These most recent volumes significantly contribute toward our understanding of Rav Breuer’s novel approach to Torah study. The first volume, Pirqe Mikra’ot, covers various aspects of the last 4 books of the Torah that were not covered in Pirqe Mo’adot. Although it has been published posthumously, Rav Breuer himself wrote and edited the articles, with his son bringing the project to completion. As always, there are a number of thought-provoking essays in this volume, which will surely raise interest from admirers and critics alike.

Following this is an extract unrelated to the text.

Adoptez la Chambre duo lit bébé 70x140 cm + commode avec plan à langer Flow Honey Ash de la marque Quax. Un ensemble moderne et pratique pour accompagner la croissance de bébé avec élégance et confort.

The 2nd volume includes a collection of essays (spanning several decades) written by Rav Breuer to explicate and defend his methodology, as well as several responses to his approach (and others like it) written by a number of distinguished Tanach teachers, including Professors Uriel Simon, Shmuel Hugo Bergman, and Amos Chacham as well as Rabbis Yoel Bin-Nun, Shalom Carmy, and Mosheh Lichtenstein. This collection is an extremely important statement on the differing approaches taken by Orthodox thinkers who take both the study of Tanach and the challenges of Bible criticism seriously. Particularly enlightening is an interview conducted with Rav Breuer in his later years in which he describes the reaction that his shiurim and methodology initially received, including from distinguished rabbis like Rabbi Yehuda Amital, Rabbi Eliezer M Schach, and Rabbi Tzvi Yehuda Melzer. He further contends that he never had a “crisis of faith” when responding to Bible criticism. He explains,
“No man, even as great as Moshe, is capable of writing as great and monumental of a book as this [the Bible]. In this the Bible critics are correct. The entire problem is whether you believe that God can write a book. If you believe so, then he can write the Torah anyway he likes, even if the Torah appears as if it was written by many different people in different eras.” (p. 355, loose translation).
Read the book and his critics, and decide whether you find his approach intellectually or theologically compelling.

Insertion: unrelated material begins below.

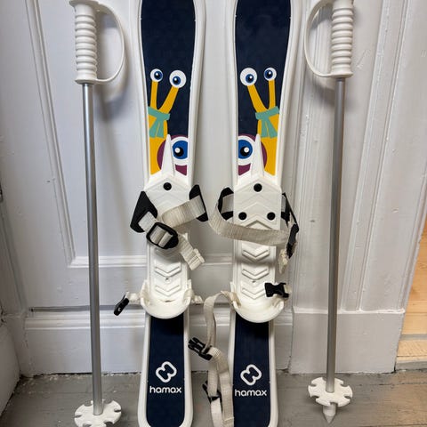 Hamax barneski med staver. Enkle plastski med integrerte bindinger som passer til vanlige vintersko. Leveres sammen med tilhørende staver. Egnet til lek og introduksjon til ski for mindre barn på flatere underlag som hage, park eller barnehageområde.

As Rav Breuer laments toward the end of that interview, even many of his closest students have not adopted his approach, even as they have utilized other tools from the world of academic Bible study. The 3rd book, a special volume in honor of Megadim‘s 50th issue, provides several examples of the “literary-theological” approach adopted by several of Rav Breuer’s students, as well as a thorough index of the first 50 volumes of Megadim. To read more about this approach, see Hayyim Angel’s article in Tradition 40:3, available here as well. Yaakov Beasley’s review of two recent English works that adopt similar approaches can be found in the current edition of Tradition.
For more information on these works, click here for the website of Tvunot Press.
- Shlomo Brody
For more books of interest that recently appeared on the Tradition website, please click here.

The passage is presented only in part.